No - but I guess if you define long-term long enough they are insignificant - for example compared to normal deaths over even a year. But I don’t think that’s a worthwhile argument to make.

AllVol was essentially suggesting that many of the COVID deaths that have occurred in the last few months are deaths that would have happened anyway over the next 3-6 months (and thus those deaths were essentially pulled forward and the result is that 3-6 months from now we’ll see lower deaths than normal).

I understand what he’s getting at and agree it’s an interesting line of thought.

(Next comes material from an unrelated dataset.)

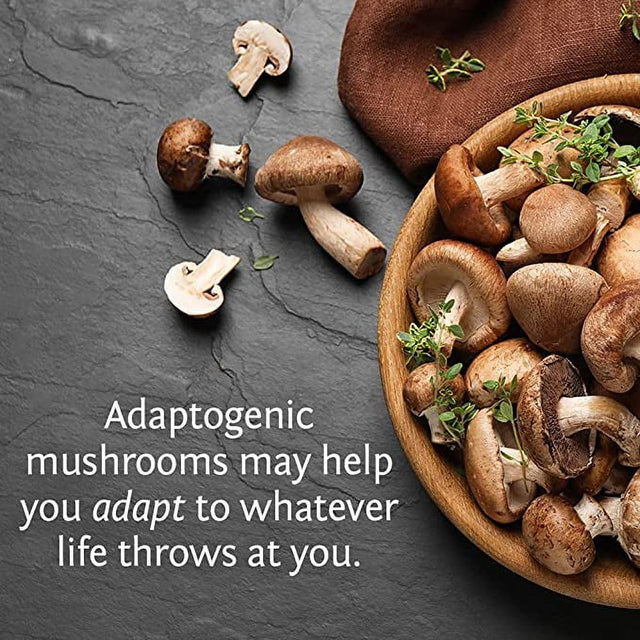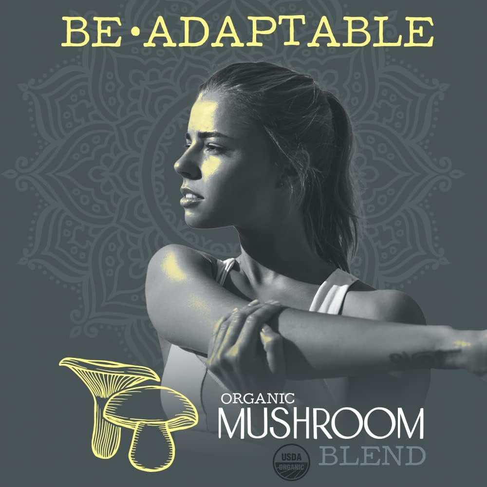- Organic Adaptogenic mushrooms may help you adapt to whatever life throws at you. Science and nature have come together to celebrate endurance, performance, and wellness in the body. Contains naturally powerful combinations of 6 mushrooms: Cordyceps, Reishi, King Trumpet, Shiitake, Lions Mane, and Turkey Tail.

In summary: We’ll watch deaths / month going forward and if deaths become consistently lower than normal that will suggest AllVol’s point was right.

In more detail:
My point was in order to know if they were pulled forward, it would need to be limited to the next 3-6 months. Because if the argument is instead - “well those deaths would have occurred in the next few years anyway” - then that gets very difficult to measure. There are about 50k deaths a month. Let’s say half the COVID deaths were ones that would have occurred within the year anyway. That’s 44k. And there are 6 months left. That’s 7k a month or so fewer deaths we should be seeing a month for the rest of the year than we normally see. That is likely detectable over baseline noise. But if that jumps to the deaths would have happened in the next 12 months, well you cut that excess down to 3-4K a month, which is harder to see over normal month to month noise (but even that number I think you’d see in the data). As the period you think those deaths were pulled forward from gets longer, the harder it is to see the result in the data.
 
He is not the one posting tweet after tweet from Clay Travis, and calling him "the voice of reason".
As far as I can tell Travis is only making a few obvious points:
1.) With more testing comes more positive tests
2.) More testing positive is showing this virus is causing lower and lower death and hospitalization rates
3.) Based on this trend this virus isn’t anything to really worry about if you are under 60 and in good health.
4.) Based on this what we have done has been beyond stupid

Which of the above do you dispute?
 
That still seems intentional, no?

I would think so. The most common use is for randomly generated numbers. I have also worked with some algorithms that make use of them to generate random starting points in a matrix or random selection of observations in a dataset.
 
https://thetexan.news/pharmacy-boar...xychloroquine-prescriptions-reversing-course/


Dr. Ivette Lozano, who has been in medical practice for over 20 years, was shocked to learn in March that she would be required to share her patient’s diagnosis with the pharmacist before prescriptions for hydroxychloroquine and azithromycin would be dispensed.

On March 20, the Texas State Board of Pharmacy issued a new rule that no prescriptions for hydroxychloroquine or azithromycin could be dispensed without a diagnosis “consistent with evidence for its use.”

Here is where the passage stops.